▸ Data segment:
____________

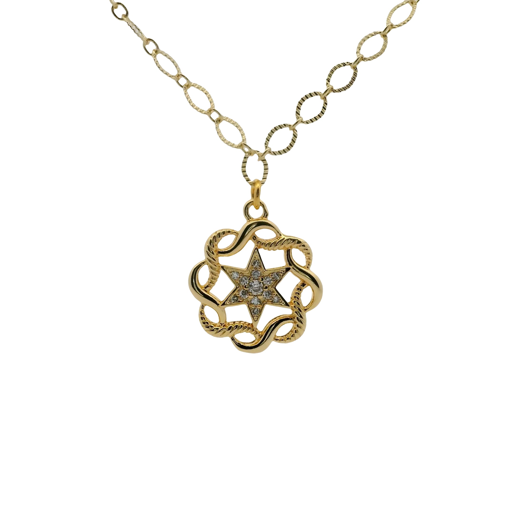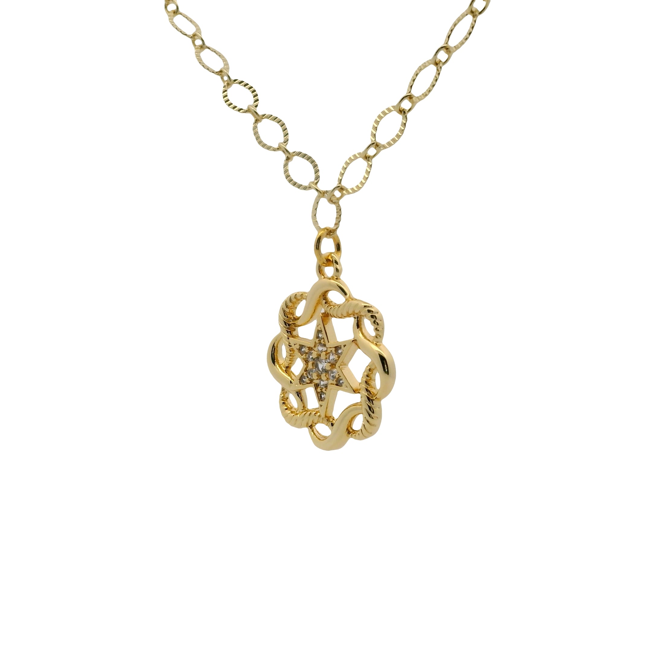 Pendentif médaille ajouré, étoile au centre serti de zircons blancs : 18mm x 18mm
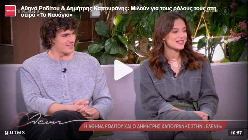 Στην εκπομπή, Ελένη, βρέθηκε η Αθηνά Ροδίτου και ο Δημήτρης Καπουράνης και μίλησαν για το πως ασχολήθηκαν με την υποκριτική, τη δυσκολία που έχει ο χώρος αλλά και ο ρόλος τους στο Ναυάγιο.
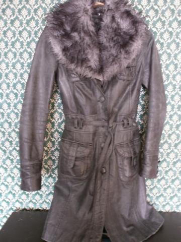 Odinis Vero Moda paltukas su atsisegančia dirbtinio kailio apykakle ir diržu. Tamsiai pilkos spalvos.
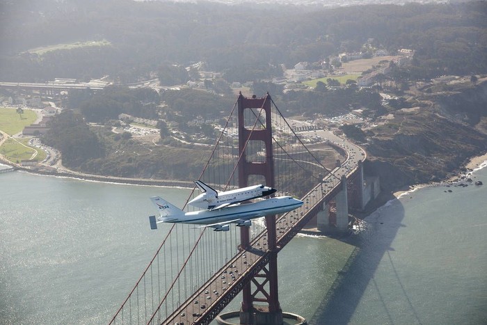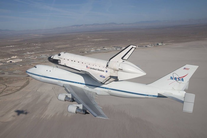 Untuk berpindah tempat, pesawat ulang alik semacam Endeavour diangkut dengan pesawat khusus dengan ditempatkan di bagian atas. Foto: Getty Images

____________

Print the material verbatim; drop the pictures.

 Pendentif médaille ajouré, étoile au centre serti de zircons blancs : 18mm x 18mm
 Στην εκπομπή, Ελένη, βρέθηκε η Αθηνά Ροδίτου και ο Δημήτρης Καπουράνης και μίλησαν για το πως ασχολήθηκαν με την υποκριτική, τη δυσκολία που έχει ο χώρος αλλά και ο ρόλος τους στο Ναυάγιο.
 Odinis Vero Moda paltukas su atsisegančia dirbtinio kailio apykakle ir diržu. Tamsiai pilkos spalvos.
 Untuk berpindah tempat, pesawat ulang alik semacam Endeavour diangkut dengan pesawat khusus dengan ditempatkan di bagian atas. Foto: Getty Images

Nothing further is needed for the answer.